Weather forecasting is not a pure science, but the process looks to be much like playing major league baseball, one can perform at the ten to thirty percent level and still get paid. Most other professions would call that a failure and send you packing. Those prognosticators would perhaps come out right more often if they were forecasting an eighty percent chance of no moisture as opposed to their usual twenty percent chance of precipitation. An eighty percent chance at anything is always more exciting than twenty! Enough soap boxing!
           
The downward spiral of our lake level on the Gunflint Gal is ongoing. Our contributing watershed creeks and streams are bone dry.

Up the Trail near the Seagull Guard Station that splendid little waterfall feeding Larch Creek was spilling nary a drop as I drove past a while back. Pretty sad!
 
Meanwhile, as lake level surfaces evaporate into oblivion, the temperature of our waters has reversed its downward trend of a few weeks ago, spiking back up into the low seventies. In the absence of artificially conditioned air for most back country residences, folks have gone back into lake dipping for temporary relief along with those “whirly gig” things from yesteryear, called fans.
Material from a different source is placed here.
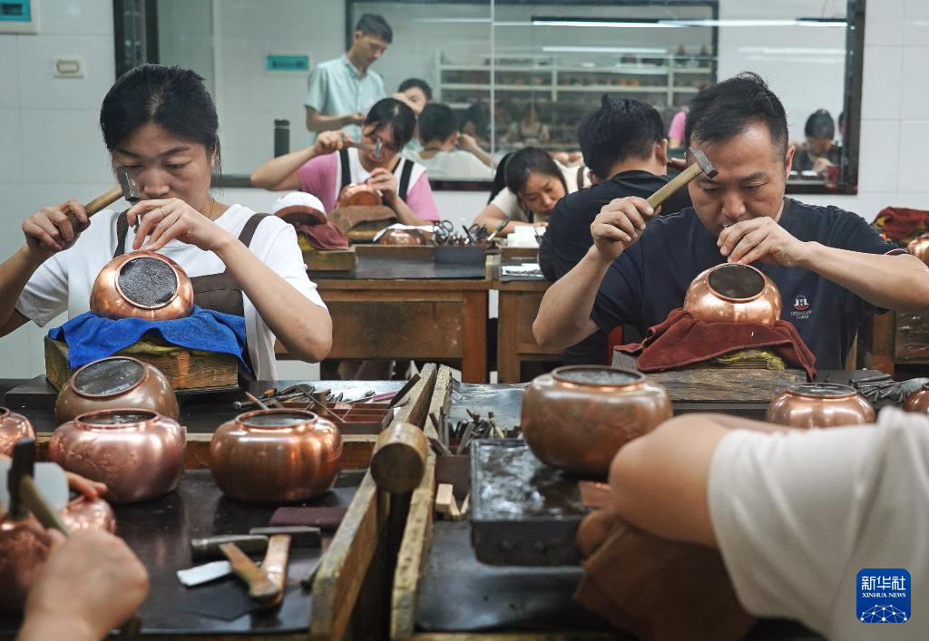 在位于江西省貴溪市的江西中鼎金屬工藝有限公司的車間里,匠人們在雕刻銅壺(7月13日攝)。

And if the sweating misery isn’t enough, the hot spell has raised the ire of a new generation of “skeeters.”  Any disturbance of earth around the yard has brought out several other obnoxious buzzing critters too. It seems like you just can’t win sometimes. Oh for a good freeze!

As summer gives us a harsh dose of reality, our last weekend of month eight and the vacation season is fading before our eyes. To celebrate our Labor Day holiday and kick-off a final family fling before the return to school, a cool treat can be found at the end of the Trail on Sunday.

The annual ice cream and pie social sponsored by the Gunflint Trail Historical Society takes place this Sunday, September 1st at the Chik-Wauk Museum site. Serving hours are from 11:00am to 4:00 pm.

The featured fare will be homemade pie, prepared and donated by area pastry artisans, and of course, a sweet scoop of north woods coolness. Everyone’s invited out to the “land of sky blue waters” for the launching of our fall season. I’ve already discovered some “gold in them thar hills!  So come on along!

Keep on hangin’ on and savor a “September Song.”